DIRECTIONS FOR THIS TASK. I'd like the data beneath this line reproduced exactly, without any of its images.

INFORMATION SHOWN.
------------------------------

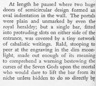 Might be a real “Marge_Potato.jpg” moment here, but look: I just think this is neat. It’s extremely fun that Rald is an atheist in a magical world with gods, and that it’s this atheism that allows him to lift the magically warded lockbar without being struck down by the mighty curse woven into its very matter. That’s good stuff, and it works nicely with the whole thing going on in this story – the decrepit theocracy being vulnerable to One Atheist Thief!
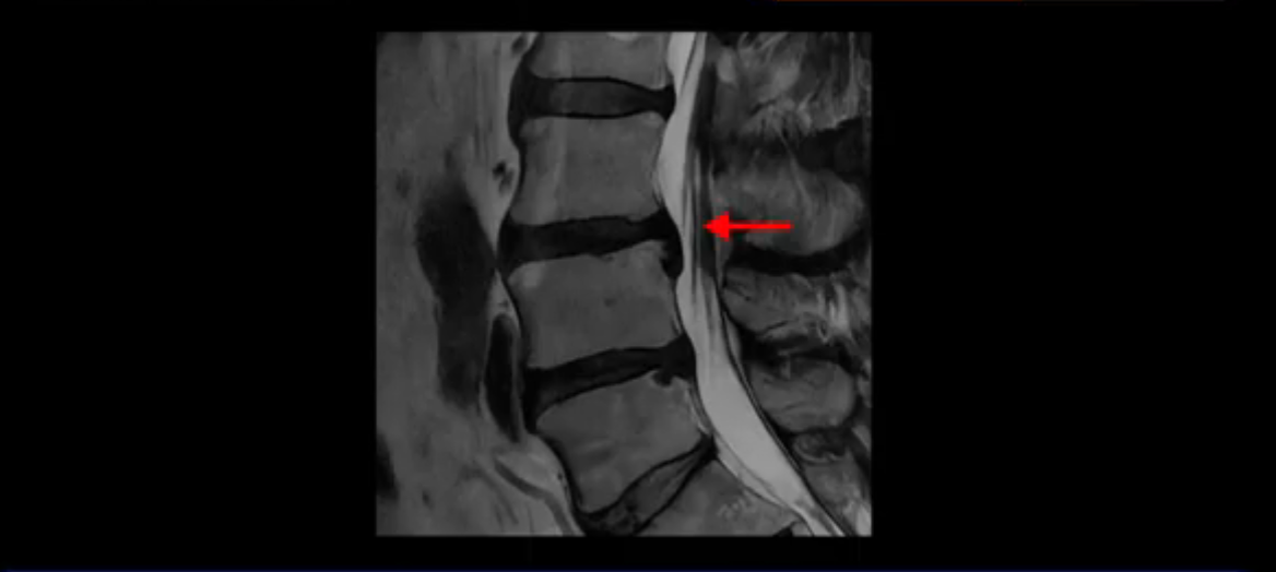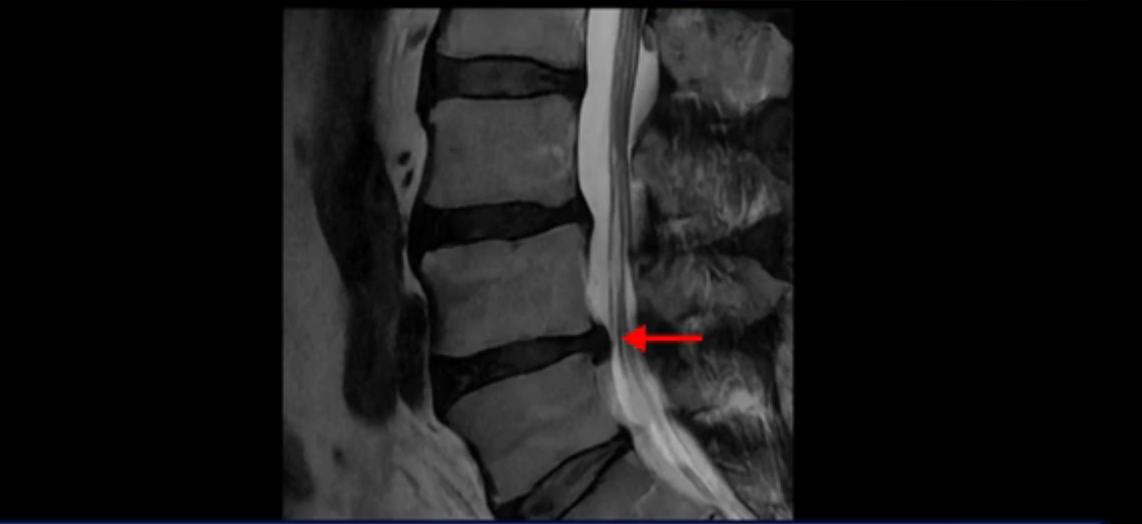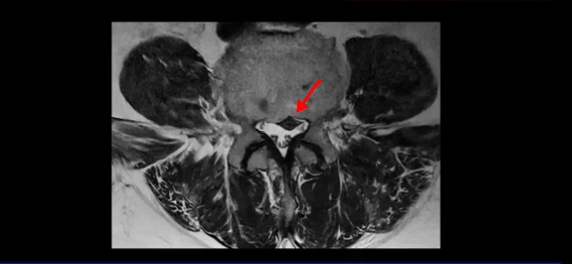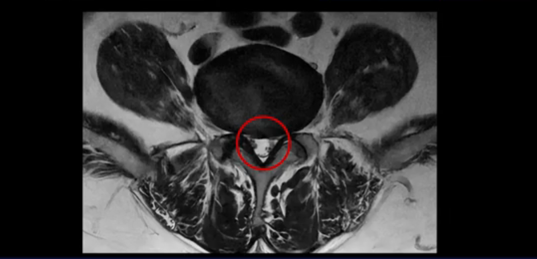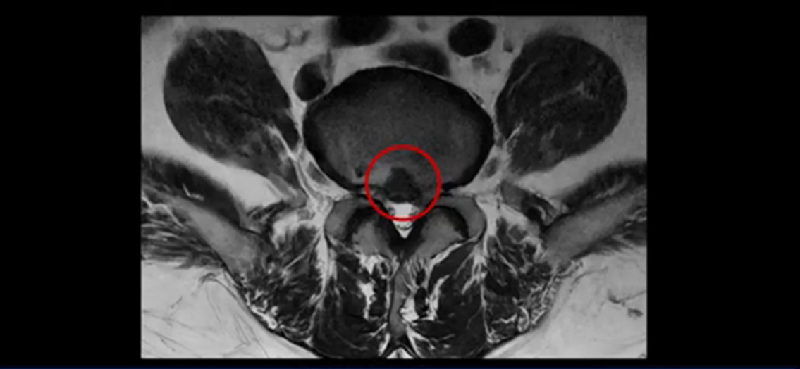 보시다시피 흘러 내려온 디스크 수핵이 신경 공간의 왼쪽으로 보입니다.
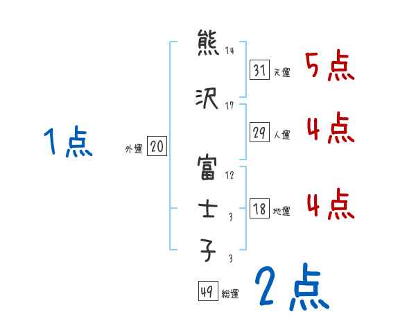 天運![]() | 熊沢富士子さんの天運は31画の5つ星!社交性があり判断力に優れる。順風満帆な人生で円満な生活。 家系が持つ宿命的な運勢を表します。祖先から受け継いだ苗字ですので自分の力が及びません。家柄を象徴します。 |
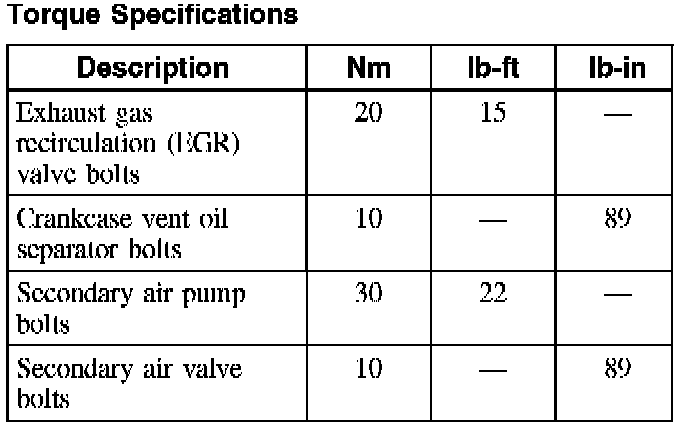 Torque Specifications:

------------------------------

OUTPUT OF THE TASK.
 Might be a real “Marge_Potato.jpg” moment here, but look: I just think this is neat. It’s extremely fun that Rald is an atheist in a magical world with gods, and that it’s this atheism that allows him to lift the magically warded lockbar without being struck down by the mighty curse woven into its very matter. That’s good stuff, and it works nicely with the whole thing going on in this story – the decrepit theocracy being vulnerable to One Atheist Thief!
 보시다시피 흘러 내려온 디스크 수핵이 신경 공간의 왼쪽으로 보입니다.
 天運![]() | 熊沢富士子さんの天運は31画の5つ星!社交性があり判断力に優れる。順風満帆な人生で円満な生活。 家系が持つ宿命的な運勢を表します。祖先から受け継いだ苗字ですので自分の力が及びません。家柄を象徴します。 |
 Torque Specifications:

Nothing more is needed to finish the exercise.